On the way to the below-deck hatch, I saw more flickers of ghost memories. I saw sailors repairing cargo nets. I saw sailors dying their hats in a bucket of blue dye. I saw sailors smoking, and laughing, and living under the heavy regard of a tropical sun. And the closer we drew to the entry point to the lower decks, the darker the memories got. People running. Shouting. I think I saw someone roll across the deck on fire, but the image came and went like an eye blink.
A ghost sprinted through me. He was running up to the exec, who shimmered ahead. The ghost said, “Bedsprings are down, sir. Techs say they can’t be repaired. We’re blind.”
“Then we punch every direction at once,” the exec spat. “Let’s get the bird in the fucking air first.”
It was night again—or at least a darker shade of gray. The two men went over to a group gathered around a gun. The gun was big enough that the person firing it was secured in harness netting.
“Light it up,” the exec shouted.
The man with the most colored bars on his chest turned to the team and barked, “I Division! Find us an enemy!”
The gun shot a round into the sky.

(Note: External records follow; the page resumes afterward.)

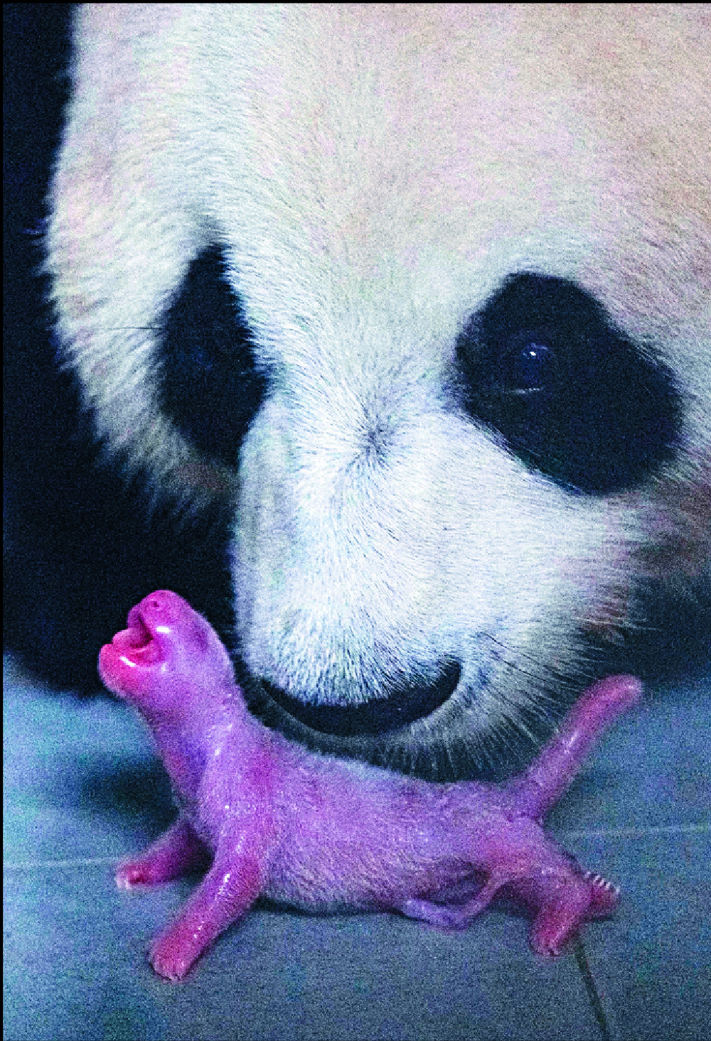 Ai Bao and her newborn cub are seen in the zoo in Yongin. The baby will make her public debut in about five or six months, once she can walk and eat bamboo. REUTERS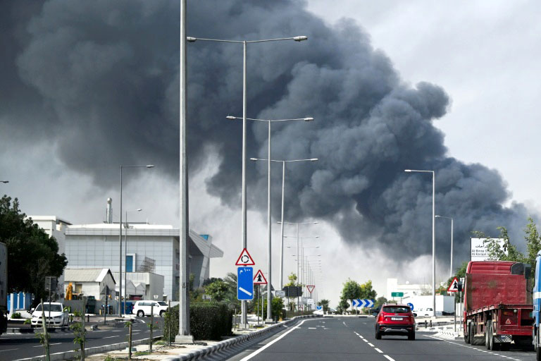 وفي سلطنة عمان، أصابت طائرات مسيرة، أحد خزانات الوقود في ميناء الدقم، بعد يومين من قصف الميناء الذي أدى إلى إصابة أحد العاملين، في الهجوم الأول على السلطنة منذ بدء إيران تنفيذ ضرباتها في الخليج. فيما توعد الرئيس الأمريكي دونالد ترامب، بالرد قريباً على الهجوم الذي استهدف سفارة الولايات المتحدة في العاصمة السعودية الرياض، بعد ‘ن أُطلقت عليه طائرتان مسيرتان يُشتبه في أنهما إيرانيتان.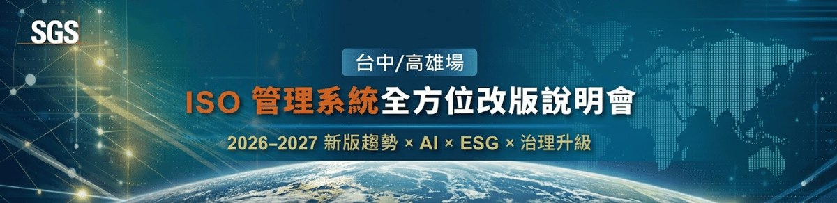 從最新釋出的國際標準草案來看,治理能力、風險思維、數位化應用與 ESG,已經從過去的「加分項」正式躍升為管理系統的「核心能力」 。未來的管理系統將不再只是應付稽核的「符合性工具」,而是真正支撐企業決策與組織韌性的關鍵架構 。如果您仍以「單一標準、單一部門」的舊思維來因應,未來企業的管理成本與稽核風險只會面臨持續飆升的困境 。為此,SGS特別籌辦了「ISO 管理系統全方位改版說明會」 ,短短半天,帶您看懂三個真正關鍵的改變:

Flares attached to parachutes exploded to life in the sky above me, turning night into day. Smoke rose—thick enough that the men started using hand signals to coordinate through their coughing.
The next thing I knew, the huge guns on the side of the ship were blasting a salvo. The force of their trajectory was so powerful that the entire ship seemed to move sideways—an optical illusion as the rounds actually flattened the ocean waves.
Brand’s fingers pressed into a cluster of nerves at my neck. I shook myself back into the present, to his worried expression.
“They didn’t know what was happening,” I said. “They didn’t know where the threat was coming from. He toyed with them. He made this last.”